A doctor weighs in on what to do when diet and exercise aren’t working

Holiday indulgence not withstanding, the beginning of a new year is a terrific time to take stock of your heath and burden. If you have noticed that diligent diet plan and additional exercise simply don’t appear to be operating, perhaps it is time to consider bariatric surgery.

Don’t let that instant term — “operation” — frighten you. Bariatric procedures are a secure and effective method to get rid of weight when the conventional methods have ceased working.

Beneath, Dr. Sachin S. Kukreja, from the Methodist Weight Management Institute at   Methodist Dallas, breaks down exactly what people should know about bariatric operation. He also explains why it may be a good fit for some, especially if those with a BMI of 40 or greater, or a BMI of 35 with weight-related conditions such as hypertension, diabetes, sleep apnea, or joint pain.

What exactly is routine surgery?
These procedures trigger weight loss by limiting the total amount of food the stomach can hold. Most weight loss surgeries today are performed using minimally invasive methods (called laparoscopic surgery).

The most common bariatric surgery procedures are:

  • Gastric bypass: Often considered the “gold standard” of weight loss operation, the Roux-en-Y gastric bypass (its proper name) produces a smaller stomach pouch and also leads to fewer calories absorbed.
  • Gastric sleeve: This also operates by removing approximately 80% of the gut, with a tubular pouch staying.   It also influences gut hormones that manage hunger, satiety, and blood sugar management.
  • Adjustable gastric band: For this, an inflatable ring is placed around the top part of the gut, making a small stomach pouch. The dimensions of this opening is reduced gradually over time with repeated adjustments.
  • Biliopancreatic diversion with duodenal switch: A process with two components. First, a smaller, midsize stomach pouch is made by removing some of the gut (similar to the sleeve). After that, a large portion — approximately three-fourths — of the small intestine is bypassed.

How risky is bariatric surgery?
Patients tend to be surprised — and do not believe — how secure bariatric operation is. Whether you are speaking about sleeve, bypass, or duodenal switch, bariatric surgery is now considered safer than having your stomach removed. The reason is that patients undergoing weight loss surgery undergo thorough evaluations beforehand to make sure they are healthy enough to move.

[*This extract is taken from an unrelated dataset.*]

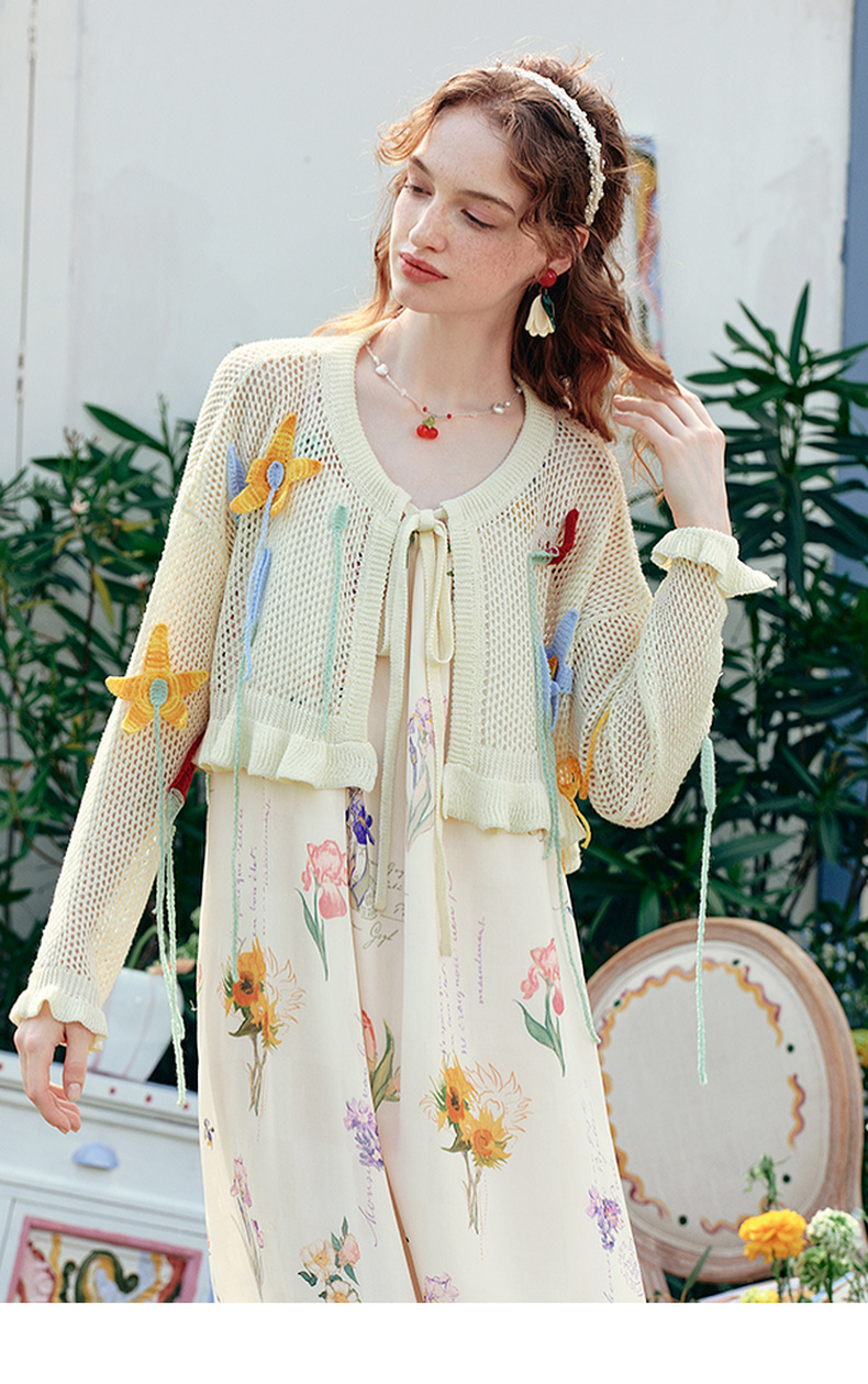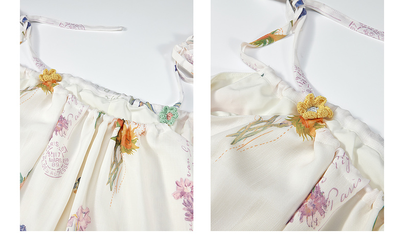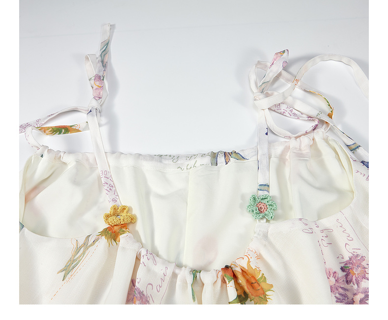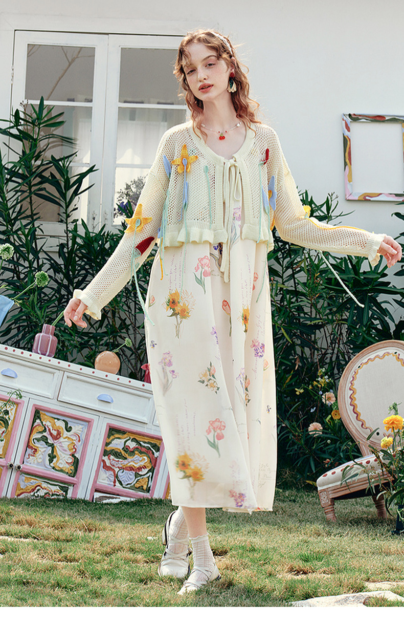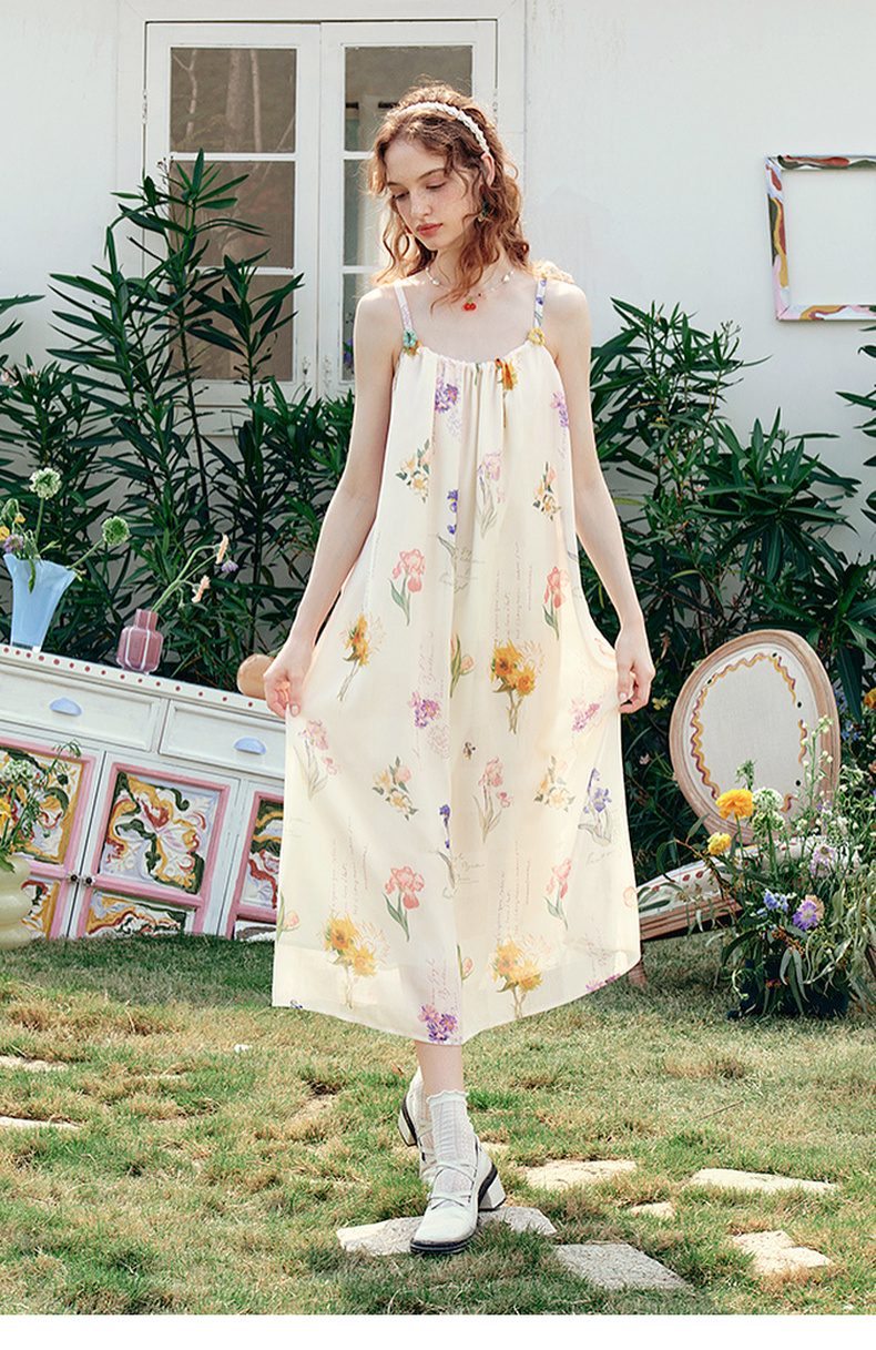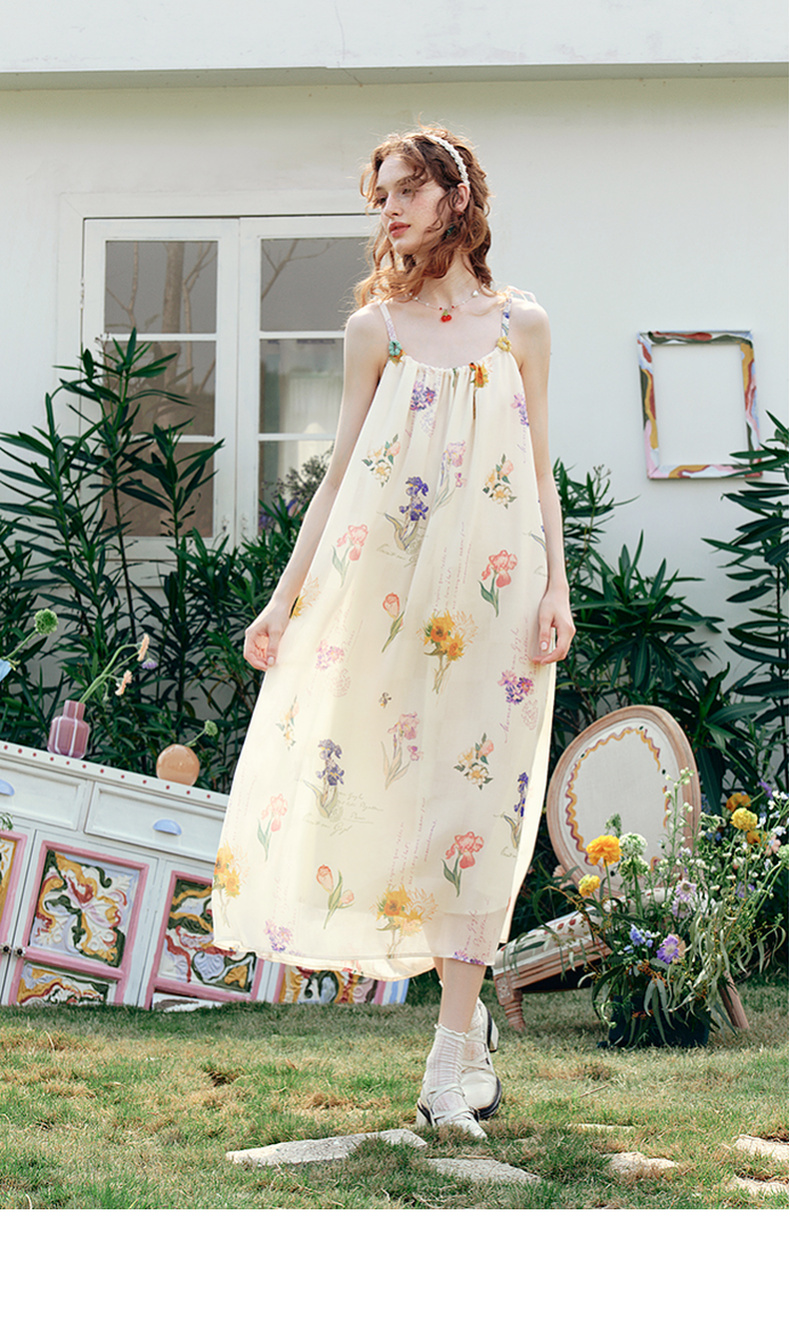 两三事梵高文艺 绻夏微光 2025夏季新款甜美印花泡泡袖两穿连衣裙

Why is weight loss surgery also referred to as metabolic operation?
Metabolism is the process of how the body breaks food down to be utilized as energy or stored in the tissues, and so a metabolic disorder is when that approach is disrupted. Obesity may increase the risk of metabolic disorders such as diabetes, hypertension, and cholesterol.

Based on the patient, disease and operation, bariatric operation allows for diabetes remission up to 98 percent of the moment.

What’s more, metabolism can be measured. The 2,000-calorie principle that’s ingrained in us from the FDA doesn’t apply to all individuals, and physicians can figure out the caloric demands of a patient to either lose or maintain weight.

Are there any non-surgery options? What exactly are gastric balloons?
Gastric balloons are non-invasive, and do not require surgery for removal or positioning. In actuality, some may even be put in your physician’s office as you’re on your lunch break. The balloon is swallowed and then your doctor inflates the balloon.

The balloon helps facilitate weight loss by simply taking up space in your gut, so you consume less. In a clinical study, patients dropped twice as much weight than with diet and exercise alone.

As always, consult with your physician before embarking on any weight loss plan, surgical or otherwise. Need a doctor? Locate one here.